In the present invention, the bracket 10 is manufactured through 3D printing, but is made of a thermoplastic resin having biocompatibility, so that not only the production of the hardened slot having the cutout portion 31 is possible, but also the wire for correction in the hardened slot. When engaging the 60, the finger piece 32 constituting the cutout portion 31 is expanded to an appropriate elasticity, so that the coupling of the wires is possible.

Particularly, in the present invention, the bracket 10 is manufactured using the 3D printer, but the customized bracket 10 suitable for the tooth of the subject can be manufactured and used directly.

That is, the tooth part of the subject to be corrected by using a 3D scanner to secure the structural data of each of the subject's teeth, and converts the obtained tooth structure data into a picture file.

After converting to a picture file, the shape of the tooth 70 to which the bracket 10 is attached is modeled, and then the 3D drawing is created by attaching the head 30 to the distal shape, and inputting the data in a predetermined data form on a computer. When the printed data is printed on the 3D printer, as shown in FIGS. 3 to 6, the contact surface 21 of the base 20 is manufactured to match the appearance of the tooth 70 of the subject.

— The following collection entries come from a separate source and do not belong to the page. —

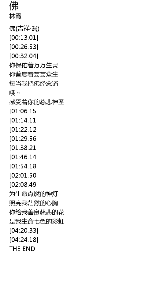 | [00:00.00] | 佛(吉祥·谣) |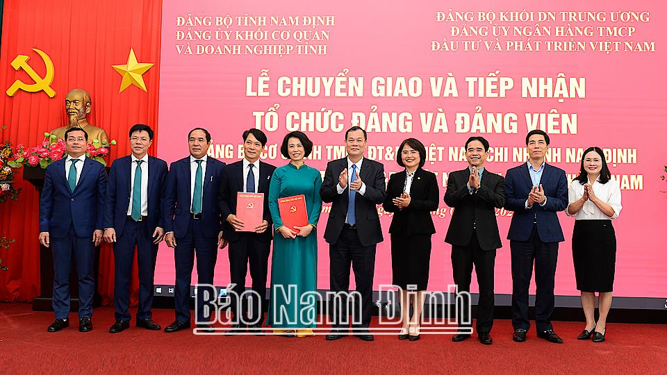Tại buổi lễ, lãnh đạo Đảng ủy Khối các Cơ quan và Doanh nghiệp tỉnh đã công bố, trao Quyết định số 643-QĐ/TU, ngày 14-3-2023 của Tỉnh ủy Nam Định về việc chuyển giao 2 tổ chức cơ sở Đảng gồm: Đảng bộ BIDV Chi nhánh Nam Định và Đảng bộ BIDV Chi nhánh Thành Nam cùng 100 đảng viên trực thuộc Đảng bộ Khối các Cơ quan và Doanh nghiệp tỉnh về Đảng bộ BIDV thuộc Đảng bộ Khối Doanh nghiệp Trung ương. Quyết định của Tỉnh ủy nhằm thực hiện Quy định số 60-QĐ/TW, ngày 8-3-2022 của Ban Bí thư về tổ chức đảng trong các tập đoàn, tổng công ty, ngân hàng thương mại Nhà nước và Công văn hướng dẫn của Ban Tổ chức Trung ương. Theo đó, Đảng ủy Khối các Cơ quan và Doanh nghiệp tỉnh và Đảng ủy BIDV đã thực hiện lễ ký chuyển giao - tiếp nhận tổ chức cơ sở Đảng và đảng viên để hoạt động theo mô hình mới.
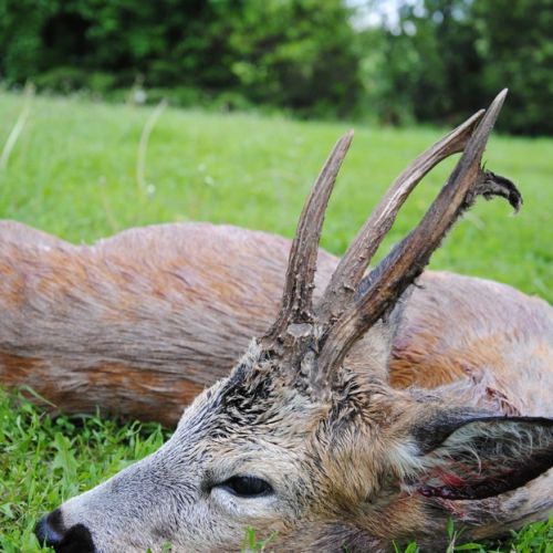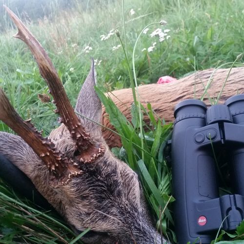 30.05. Efter en kop te var der afgang i terrænet kl 04,00. Mathæus kørte ud i et landbrugsområde med små marker og lidt hegn. Her blev bilen parkeret og vi gik lidt rundt. To smaldyr fjantede rundt. Lidt efter blev de efterfulgt af en spidsbuk. Med tanke på min forbier fra aftenen i forvejen prøvede vi, om vi kunne komme til skud på bukken. Det lykkedes, og den faldt perfekt for kuglen. Afstanden var ca. 100 m og dermed betydelig længere end ved forbi skuddet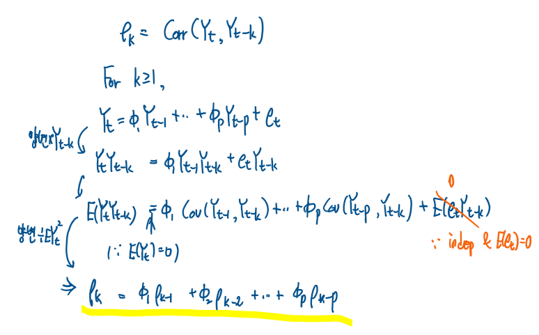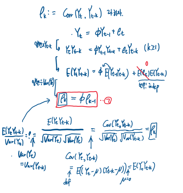 AR(1) 모형에선 두 확률변수의 시차가 클수록, 두 확률변수의 선형 상관관계는 지수적으로 감소함을 알 수 있다.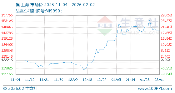2月2日,生意社镍基准价为146016.67元/吨,与本月初持平。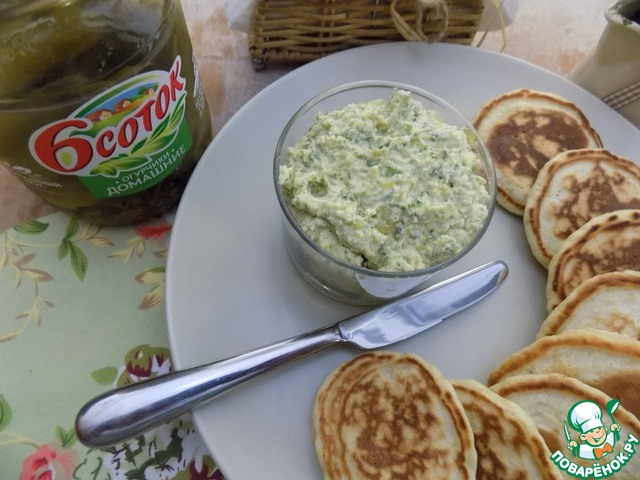 Пикантная сырная намазка с острым огурцом для овсяных оладий и не только!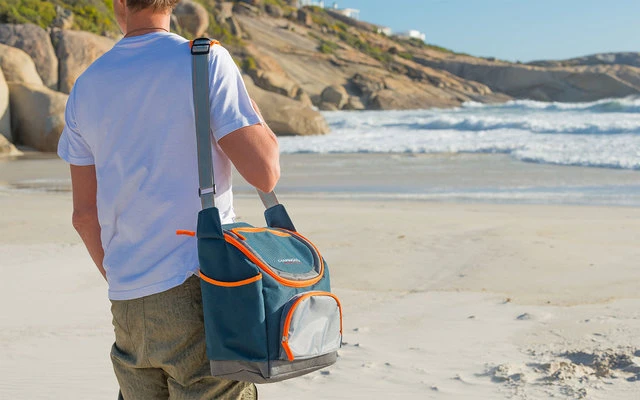 - Características: Gran abertura para llenar y sacar, dos bolsillos laterales para botellas o paraguas, bolsillo frontal no aislado para accesorios, bolsillo con cremallera en la tapa, correa ajustable para el hombro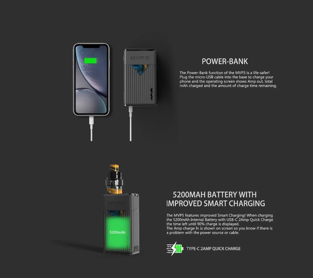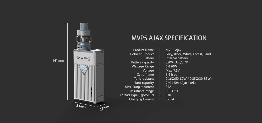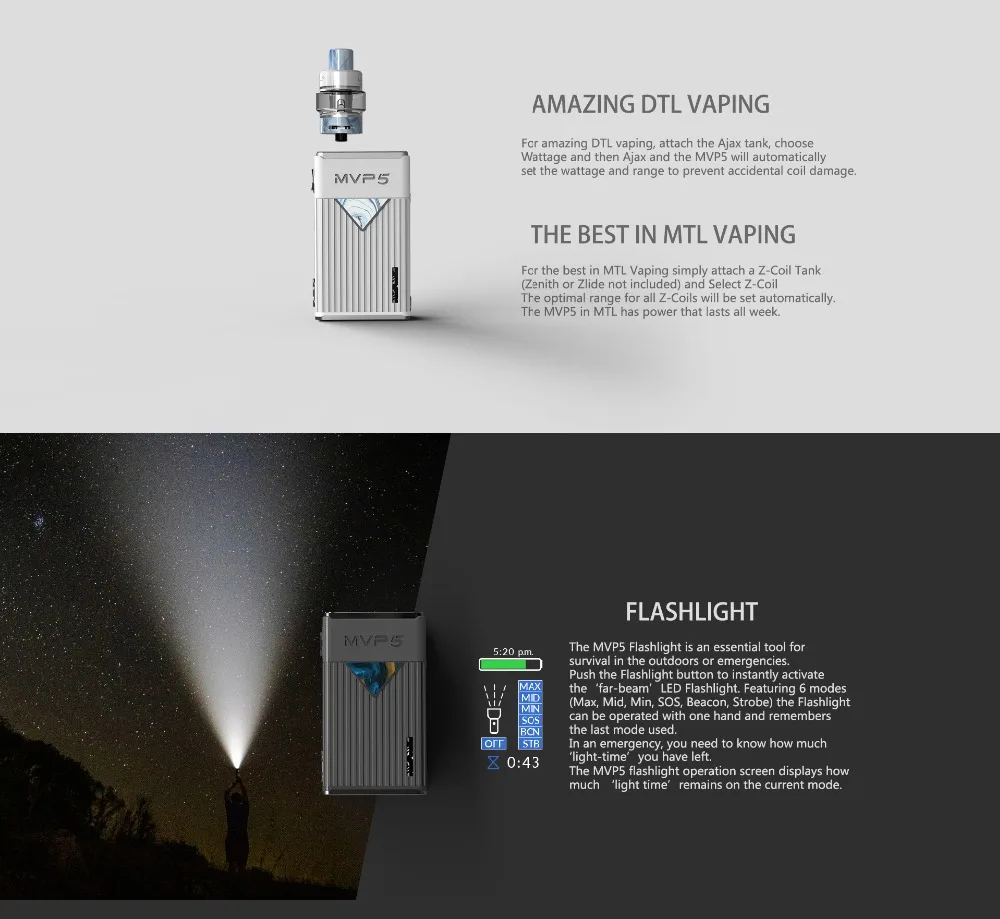 Le Kit MVP5 Ajax est composé de MVP5 Mod et Ajax Tank. C’est un kit de démarrage de vaporisateur compact MTL box avec batterie intégrée de 5200mAh et prend en charge une charge rapide de 2amp. Il est capable de tirer jusqu’à 235W de sortie max avec

As described above, in the present invention, the bracket 10 is manufactured by the 3D printing apparatus using the thermoplastic synthetic resin having human body compatibility, and the slots of the head 30 are firstly formed on both sides of the head 30. Since the slot 40 and the second slot 50 are configured to be duplex side by side, by double-installing the calibration wire 60 to be inserted into the slot, it is possible to disperse the required calibration force in half, so that the synthetic resin produced by the 3D printer In the case of brackets, it is possible to fully support the corrective force.

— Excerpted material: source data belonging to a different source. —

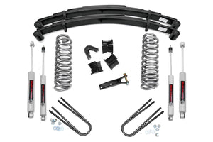 Give your Ford an aggressive look from front to rear with Rough Country’s 4" Ford Suspension Lift Kit! This easy-to-install leveling kit raises the front of your vehicle to be equal height with the rear for a leveled, flush look that gives a better ride height and more aggressive appearance.\ This kit features a set of front, durable coil springs allowing you gain additional ride height without sacrificing ride quality or performance. A set of 7 degree c-bushings and track bar drop bracket are provided to keep everything at optimum angles for a factory-like ride, even after lifting. Our leaf springs are double tapered with teflon pad inserts for a softer ride quality.\A set of Rough Country's premium N3 shocks are also included in this kit. These fine tuned 10-stage variable high-pressure Nitrogen charged shocks offer a fantastic blend of off-road action and smooth highway ride quality. With a durable 18mm spring-loaded piston rod and faster-cooling 54mm shock body.\Get the wheels you want! Rough Country's 4" Ford Suspension Lift Kit comes with everything you need to fit up to a 35" tire with proper wheel backspacing.\Best of all, Rough Country's 4" Ford Suspension Lift Kit is backed by our Lifetime Replacement Warranty.\
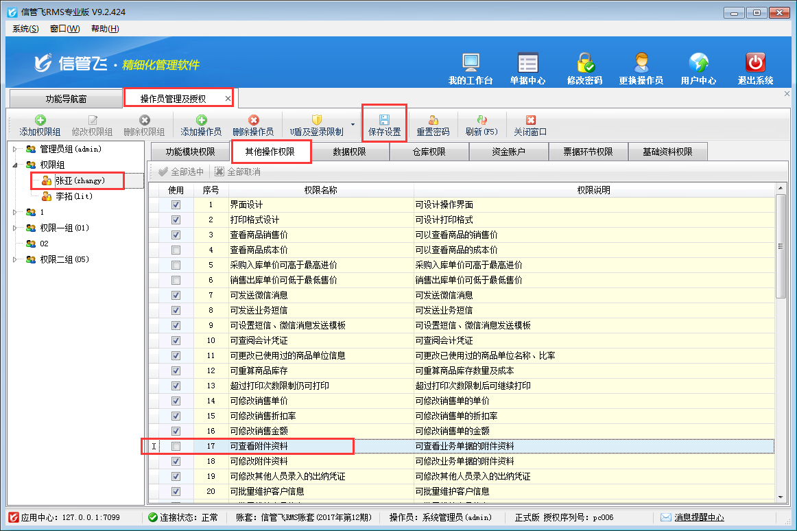 在功能導(dǎo)航窗點擊“系統(tǒng)管理”—》“操作員及授權(quán)”打開操作員管理及授權(quán)界面,選擇操作員“張亞”,在“其他操作權(quán)限”中把權(quán)限“可查看附件資料”勾選取消,然后點擊“保存設(shè)置”按鈕保存權(quán)限設(shè)置,如下圖所示: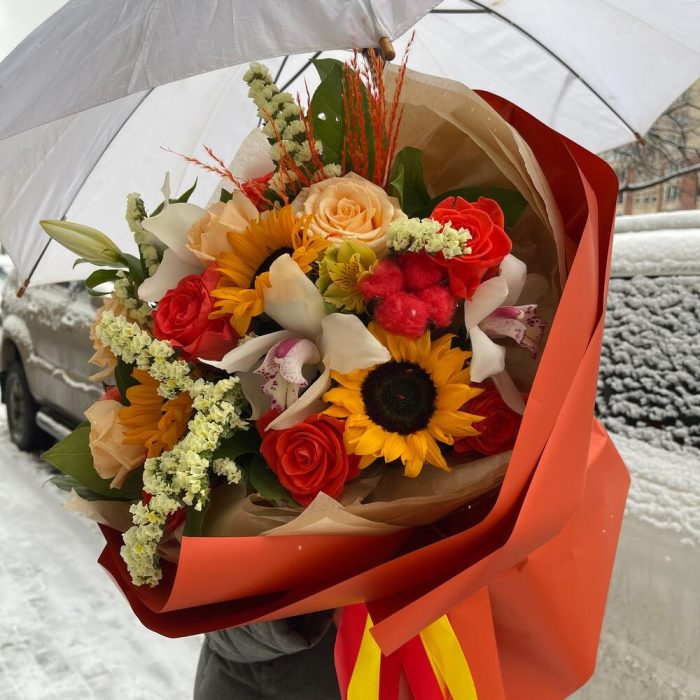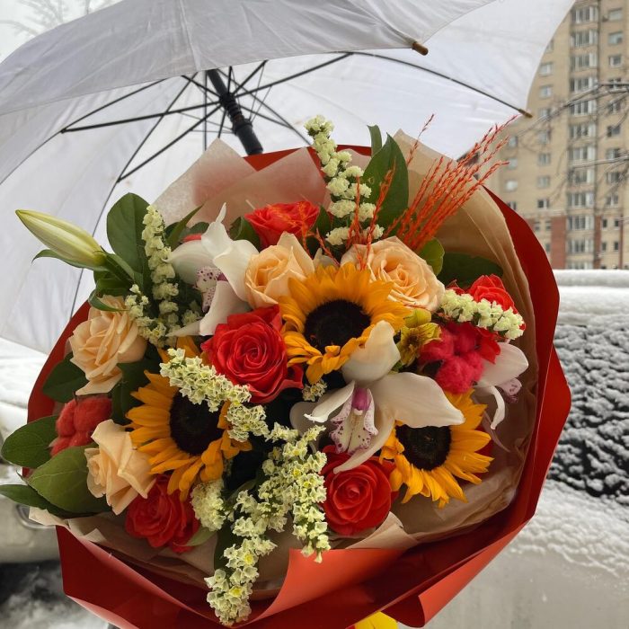 Альстромерия – 1 шт.Орхидея Цимбидиум – 3 шт.Статица – 3 шт.Роза Россия – 9 шт.Подсолнух – 3 шт.Пленка матовая – 6 шт.Салал пучок – 1 шт.сухоцвета – 10 шт.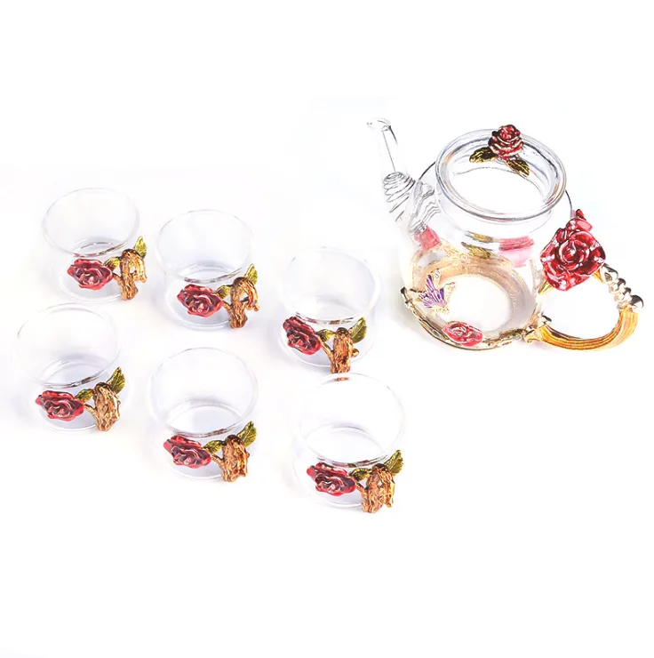 Color: red rose one pot six cup tea set, blue rose one pot six cup tea set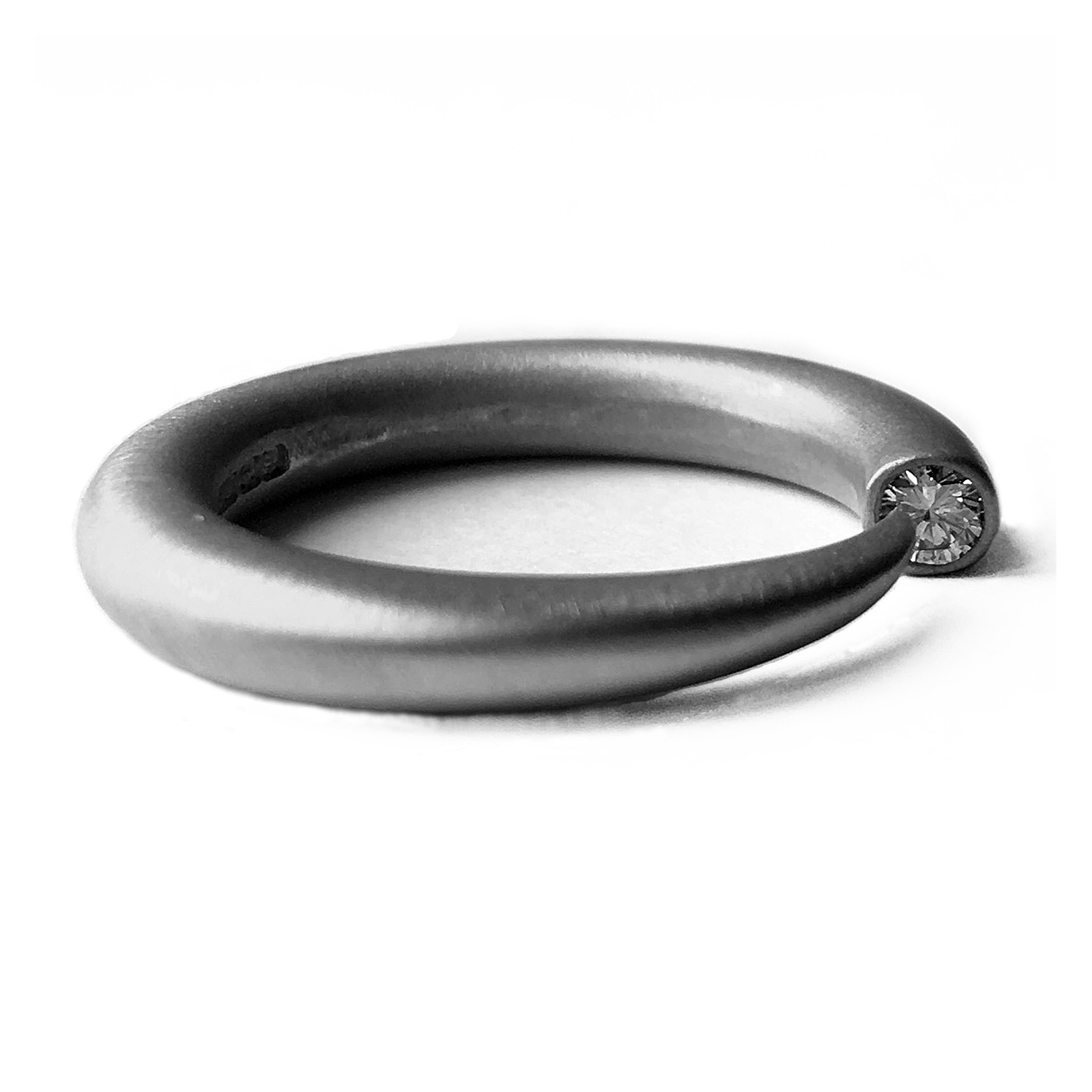 The 18ct 10pt diamond wiggly ring has a comfortable rounded band which tapers to a point from 4mm and is end set with a brilliant 0.1ct vsfg diamond. It is a beautiful pure design.

In addition, if necessary, as shown in the second slot 50 of FIGS. 1 to 4, the cutout part 31 may be manufactured as a cardiac slot in which the cutout part is formed, and the cutout part 31 to insert the calibration wire 60 into the slot. When it is pushed in, the bombardment piece 32 is expanded and the wire 60 is simply inserted into the second slot 50 through the cutout 31. When the wire 60 is fitted, the burnt piece 32 is rolled back. As the cutout 31 is narrowed again, the separation of the wire 60 is prevented.

In addition, the first and

second slots

40 and 50 are configured side by side on both sides of the center of the head 30, and the wires 60 are doublely installed in the first and

second slots

40 and 50 so as to be appropriate. Since the orthodontic force is given, the orthodontic force can be transferred to the distorted tooth 70 even with the circular wire 60.

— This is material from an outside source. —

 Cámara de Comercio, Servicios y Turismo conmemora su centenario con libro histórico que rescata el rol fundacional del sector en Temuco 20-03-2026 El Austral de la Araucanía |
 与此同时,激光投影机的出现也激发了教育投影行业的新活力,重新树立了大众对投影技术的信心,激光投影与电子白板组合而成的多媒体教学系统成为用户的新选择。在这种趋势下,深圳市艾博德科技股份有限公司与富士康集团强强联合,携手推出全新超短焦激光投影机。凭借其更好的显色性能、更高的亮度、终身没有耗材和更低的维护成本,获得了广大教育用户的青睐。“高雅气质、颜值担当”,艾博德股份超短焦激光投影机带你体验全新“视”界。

An open slot such as the first slot 40 may be used by selecting a circular wire or a square wire.

In addition, by making the contact surface 21 of the base 20 to be the same as the surface shape of the tooth 70 of the subject, it is possible to minimize the foreign matter when the bracket 10 is attached, as well as to expect a firm adhesiveness.

Orthodontic bracket 10 to be provided in the present invention is applicable to both the inner and outer sides, that is, lingual and labial side of the tooth (70).

Claims

In manufacturing the orthodontic bracket consisting of the base and the head with a 3D printer using a thermoplastic synthetic resin having a human body, the slot 30 in the head 30 is configured as a double, on both sides based on the center of the head 30 3D printer characterized in that the first slot 40 and the second slot 50 is configured, and the calibration wire 60 can be installed in the first and second slots 40 and 50 in a double manner. Double slot orthodontic bracket using
According to claim 1, In the slot of any one of the first slot 40 and the second slot (50) formed in the head 30, a cut portion 31 formed narrower than the inner diameter is formed, the cut portion (31) is a double slot orthodontic bracket using a 3D printer, characterized in that it can be expanded by the finger piece (32).
The method of claim 1, wherein the first slot 40 and the second slot (50) formed in the head is formed to have a cutout portion 31 formed narrower than the inner diameter of the slot, the cutout portion 31 is a finger piece ( 32) A dual slot orthodontic bracket using a 3D printer, characterized in that it can be expanded by.